Criterium voor de vrijwillige uitschrijving

Het criterium voor de vrijwillige uitschrijving is dat mensen niet langer voldoen aan de doelgroepcriteria. UWV beoordeelt of mensen niet langer aan de doelgroepcriteria voldoen. De beoordeling gebeurt zo simpel mogelijk, op basis van bestaande informatie. Dus er is geen nieuwe doelgroep (ABA)-beoordeling door UWV nodig en gemeenten hoeven geen nieuwe loonwaardemeting uit te voeren.

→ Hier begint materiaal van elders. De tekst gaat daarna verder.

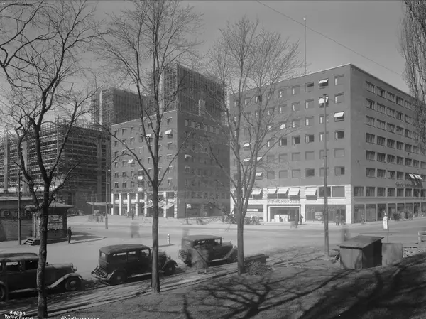 kontorbygninger, Vinmonopolet, Rådhuset, byggevirksomhet, kiosk, biler, mennesker, gateliv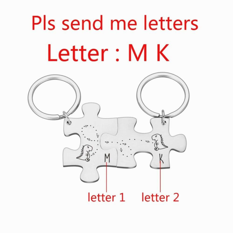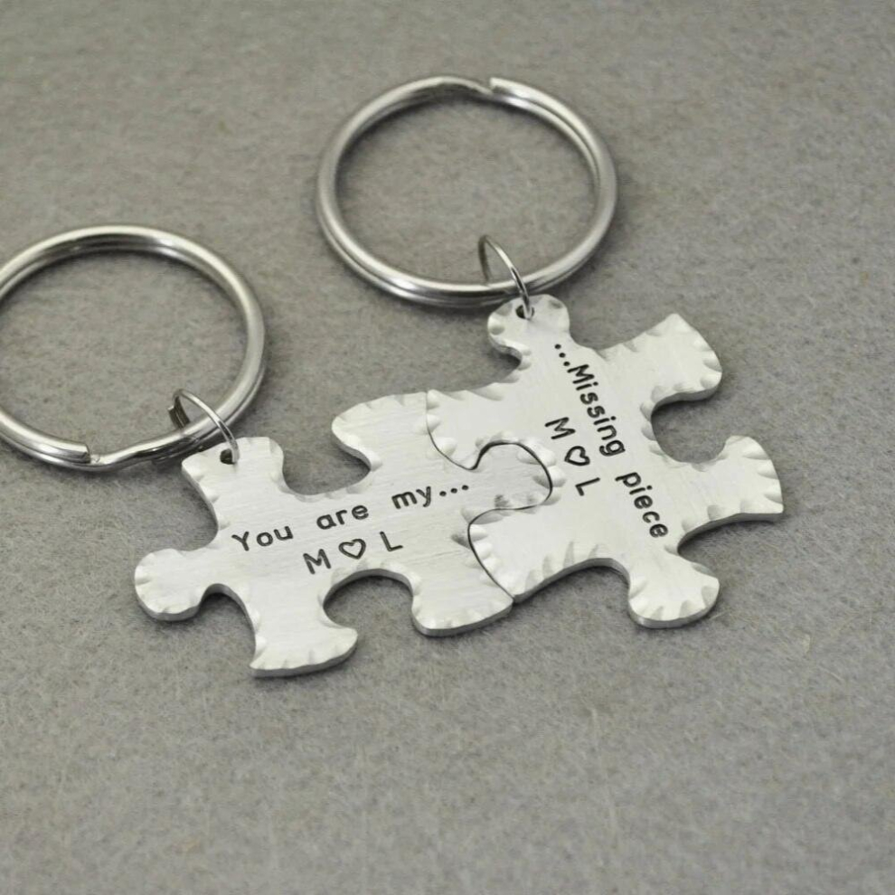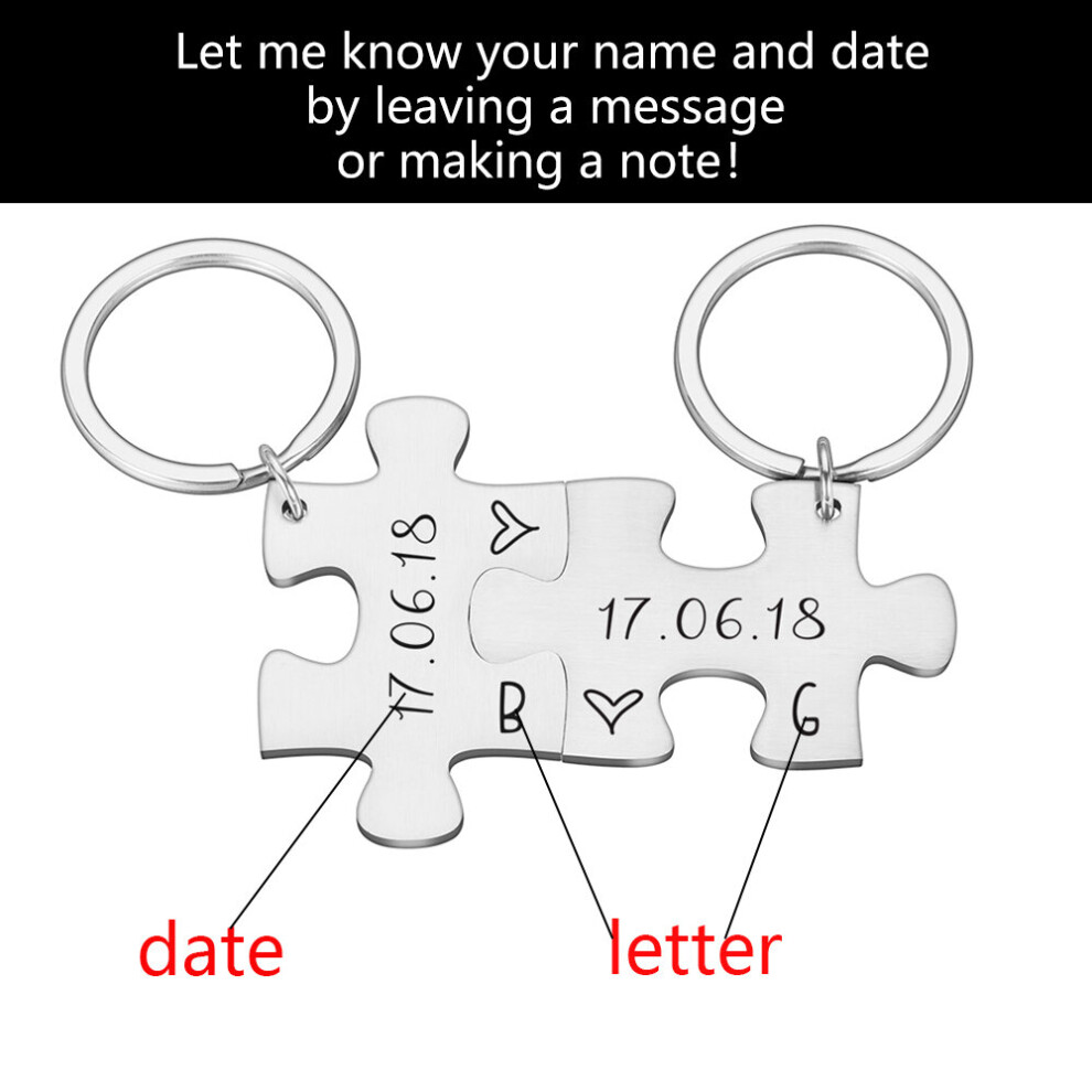 2Pcs Set Personalized Couple Keychains Puzzle Piece Key Chain Engraved Puzzle Key Rings for Boyfriend Girlfriend Valentines Gift

In een aantal gevallen heeft UWV voor de uitschrijfbeoordeling informatie van gemeente nodig.
 

Proces voor uitschrijving en beoordeling

Werknemers verzoeken UWV digitaal om uitschrijving uit het doelgroepregister banenafspraak. UWV beoordeelt het uitschrijfverzoek. Als UWV informatie van gemeenten nodig heeft, zal het UWV aangeven wélke informatie het nodig heeft. De gemeente levert bij voorkeur binnen een week deze informatie aan. Op basis van het ontvangen stuk beoordeelt UWV het verzoek van de werknemer. UWV neemt binnen 8 weken een beslissing. Het stelt de aanvrager en diens werkgever hiervan op de hoogte. Op 1 januari 2021 heeft UWV de technische aanpassingen gerealiseerd, waarmee de uitschrijving geëffectueerd kan worden.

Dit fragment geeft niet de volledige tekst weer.